Data items:
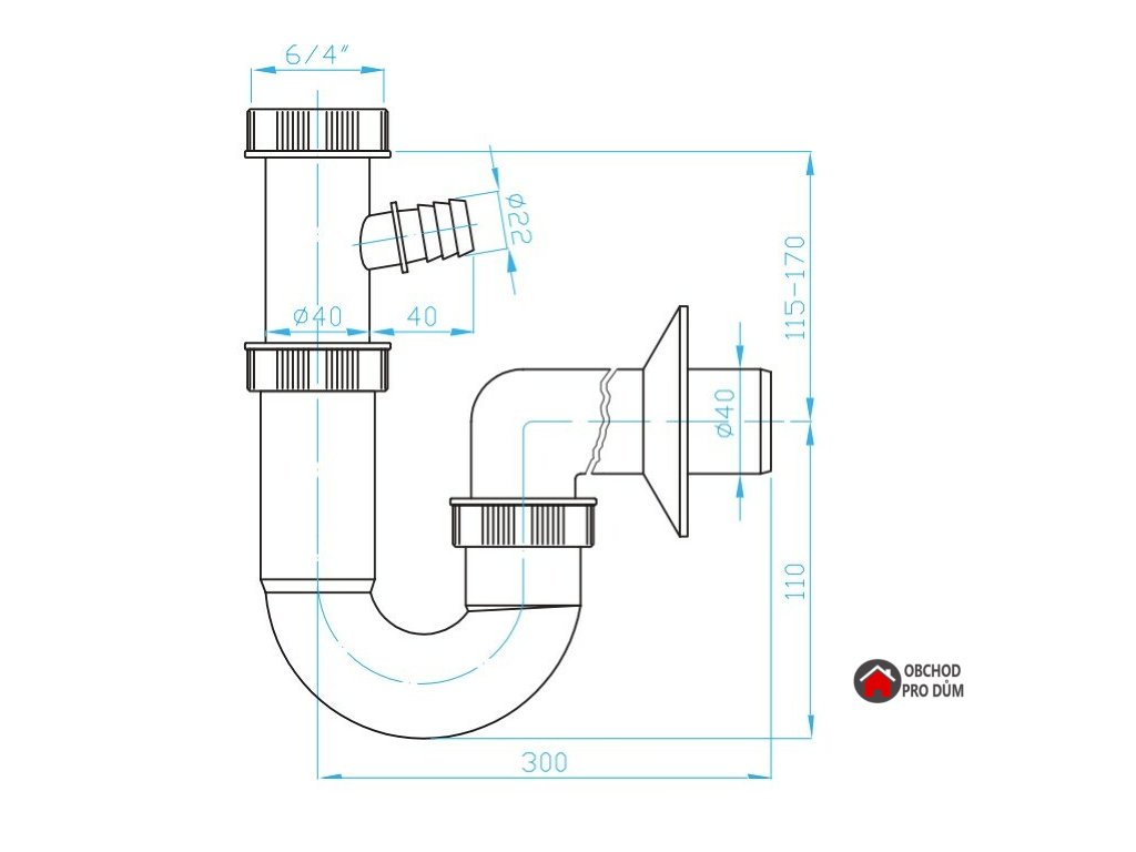 PLAST BRNO EM36440 U sifon 6/4” pračkový vývod
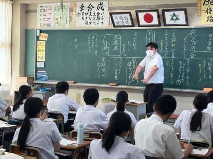 写真下:3年3組 4限 国語 「魯迅の『故郷』」
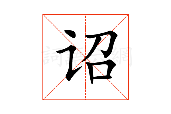 〔诏〕字是左右结构,可拆字为“讠、召”,五行属金。
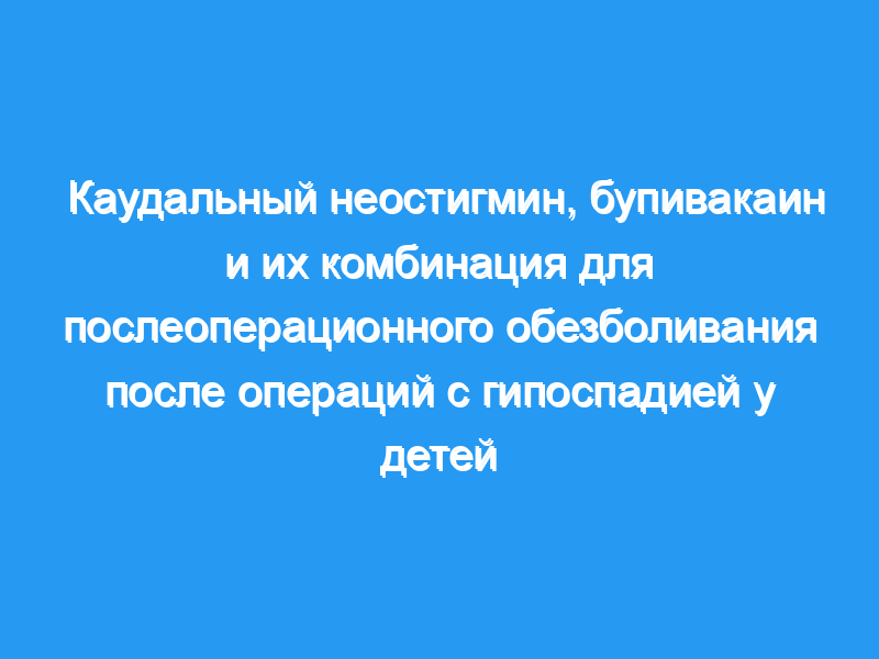 Выводы: Каудальный неостигмин 2 мкг/кг обеспечивает послеоперационную анальгезию, сравнимую с каудальным бупивакаином у детей, перенесших операцию по восстановлению гипоспадии.
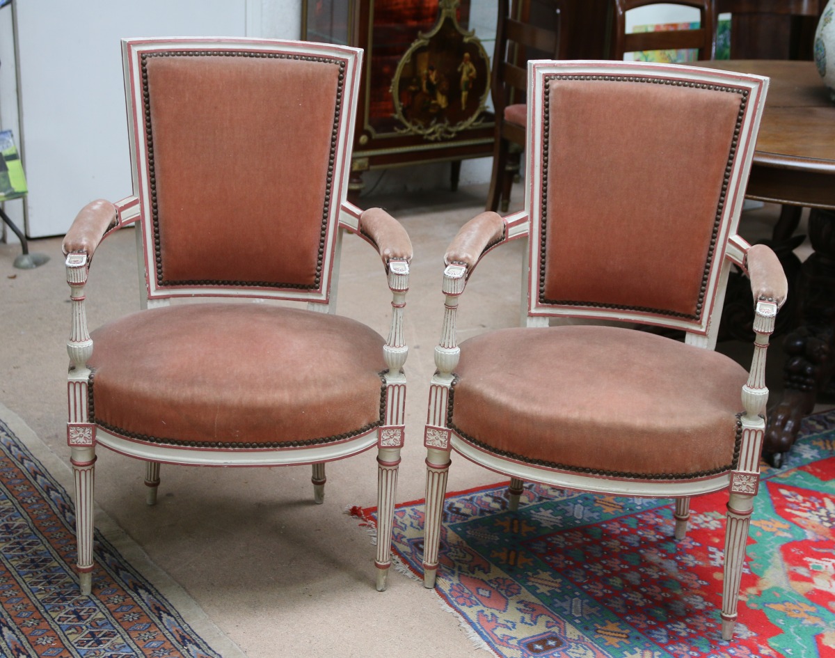 Paire de FAUTEUILS cabriolets en bois mouluré, sculpté et relaqué blanc et vieux rose. Consoles d'accotoir en balustre ornées de cannelures et de godrons, dés de raccordement à fleurons.

WORK INSTRUCTION: An exact copy of every record above is required, with all pictures omitted.

PROBLEM SOLUTION:
 PLAST BRNO EM36440 U sifon 6/4” pračkový vývod
 写真下:3年3組 4限 国語 「魯迅の『故郷』」
 〔诏〕字是左右结构,可拆字为“讠、召”,五行属金。
 Выводы: Каудальный неостигмин 2 мкг/кг обеспечивает послеоперационную анальгезию, сравнимую с каудальным бупивакаином у детей, перенесших операцию по восстановлению гипоспадии.
 Paire de FAUTEUILS cabriolets en bois mouluré, sculpté et relaqué blanc et vieux rose. Consoles d'accotoir en balustre ornées de cannelures et de godrons, dés de raccordement à fleurons.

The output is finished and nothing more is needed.